Sentenza di Cassazione Penale Sez. 6 Num. 15074 Anno 2024
Penale Sent. Sez. 6 Num. 15074 Anno 2024
Presidente: COGNOME NOME
Relatore: COGNOME NOME
Data Udienza: 06/03/2024
SENTENZA
sul ricorso proposto da
COGNOME NOME, nato a Racale il DATA_NASCITA;
avverso la sentenza del 1 febbraio 2023 emessa dalla Corte di appello di Lecce;
visti gli atti, la sentenza impugnata e il ricorso; udita la relazione svolta dal consigliere NOME COGNOME; lette le conclusioni del Pubblico Ministero, in persona del AVV_NOTAIO NOME AVV_NOTAIO, che ha chiesto dichiarare inammissibile il ricorso.
RITENUTO IN FATTO
1. Il Giudice per le indagini preliminari del Tribunale di Lecce, con sentenza emessa in data 10 marzo 2022 all’esito del giudizio abbreviato, ha condannato NOME COGNOME, ritenuta la recidiva specifica e infraquinquennale contestata e applicata la diminuente per il rito, alla pena di quattro anni e quattro mesi di reclusione ed euro 20.000 di multa per i delitti di cui agli artt. 81, 73, primo
quarto comma, d.P.R. 9 ottobre 1990, n. 309, commessi in Racale (LE) in data 11 dicembre 2021.

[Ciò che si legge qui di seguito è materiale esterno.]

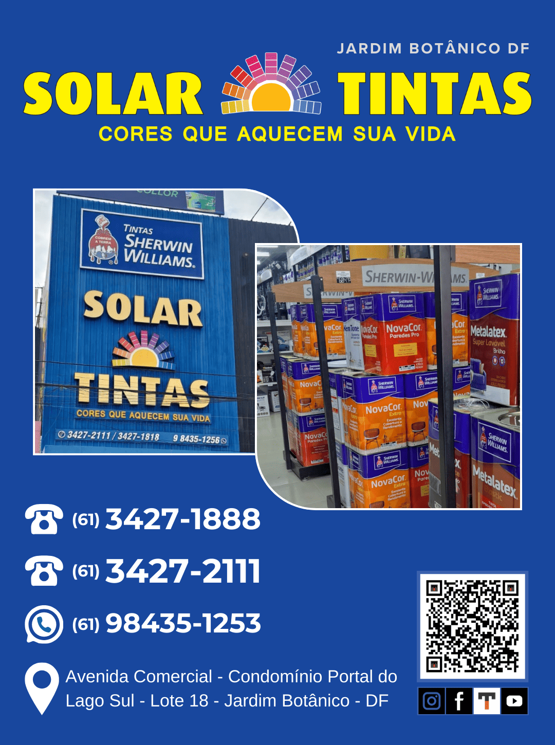 “Cores para sua vida e sua casa, escritório ou veículos. Solar Tintas (Jardim Botânico – DF).
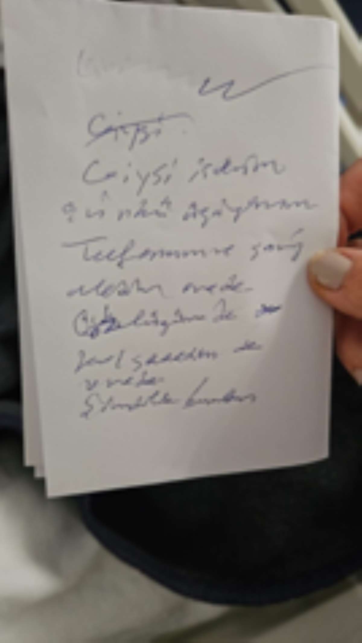 Ertesi sabah hastaneden telefon ettiler: Servise çıkarıyoruz. Koştuk, odaya almışlar. Damardan her türlü beslenme, ilaç, vitamin vb. ile kendine gelmişti biraz. Önce dudaklarından dediklerini anladık, veya yazdı:
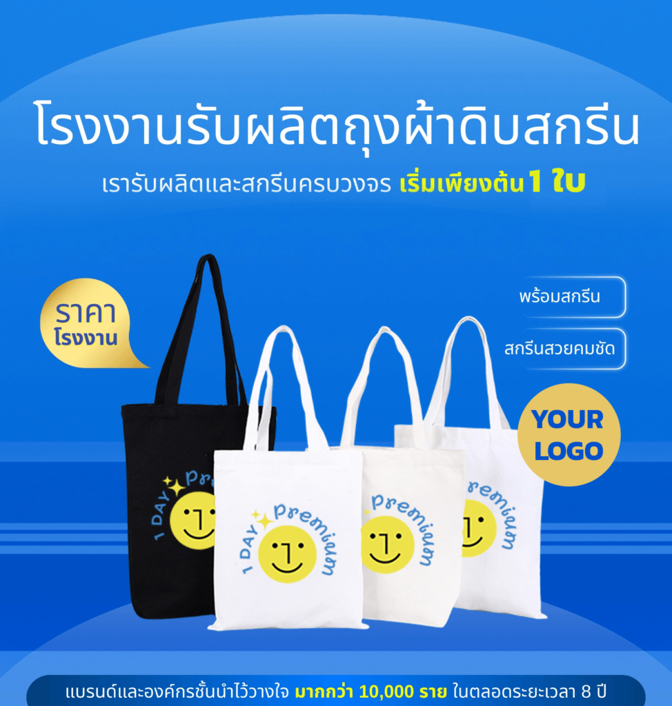 เริ่มต้นสกรีนเพียง 1 ใบ โดยใช้ถุงผ้าสำเร็จรูปที่โรงงานมีในสต็อกได้เลย

Con la pronuncia impugnata la Corte di appello di Lecce ha confermato la sentenza di primo grado, condannando l’imputato appellante al pagamento delle spese processuali.
AVV_NOTAIO, nell’interesse dell’imputato, ha presentato ricorso avverso tale sentenza e ne ha chiesto l’annullamento.
3.1. Con il primo motivo il difensore censura la decisione impugnata per aver configurato come reato plurimo, avvinto dalla continuazione, la detenzione a fini di cessione a terzi, accertata in un medesimo contesto, di sostanze stupefacenti (cocaina, hashish e marijuana) ascritte dal legislatore a diverse tabelle del d.P.R. n. 309 del 1990.
3.2. Con il secondo motivo il difensore deduce la violazione di legge e il vizio di motivazione in ordine al mancato riconoscimento delle attenuanti generiche; la Corte di appello, infatti, nel negare l’applicazione delle attenuanti generiche, illogicamente non avrebbe considerato le dichiarazioni confessorie rese dall’imputato nell’udienza di convalida dell’arresto, il suo comportamento processuale e la condotta successiva al reato.
3.3. Con il terzo motivo il difensore chiede alla Corte di valutare il riconoscimento del vincolo della continuazione tra il fatto oggetto del presente procedimento e l’analogo reato di cui all’art. 73, quarto comma, d.P.R. 309 del 1990, commesso in Racale (LE) in data 21 ottobre 2021, accertato con sentenza della Corte di appello di Lecce n. 10 del 2022, divenuta irrevocabile il 1 dicembre 2022, dopo il deposito dei motivi di appello nel presente procedimento.
Non essendo stata richiesta la trattazione orale del procedimento, il ricorso è stato trattato con procedura scritta.
Con la requisitoria e le conclusioni scritte depositate in data 15 febbraio 2024, il AVV_NOTAIO AVV_NOTAIO, nella persona del AVV_NOTAIO, ha chiesto di dichiarare inammissibile il ricorso.
CONSIDERATO IN DIRITTO
Il ricorso deve essere dichiarato inammissibile, in quanto i motivi proposti sono diversi da quelli consentiti dalla legge e, comunque, manifestamente infondati.
g
n
Con il primo motivo il difensore censura la decisione impugnata, in quanto la Corte di appello avrebbe illegittimamente configurato come reato plurimo, avvinto dalla continuazione, la detenzione a fini di cessione a terzi, accertata in un medesimo contesto, di sostanze stupefacenti ascritte dal legislatore a diverse tabelle (cocaina, hashish e marijuana).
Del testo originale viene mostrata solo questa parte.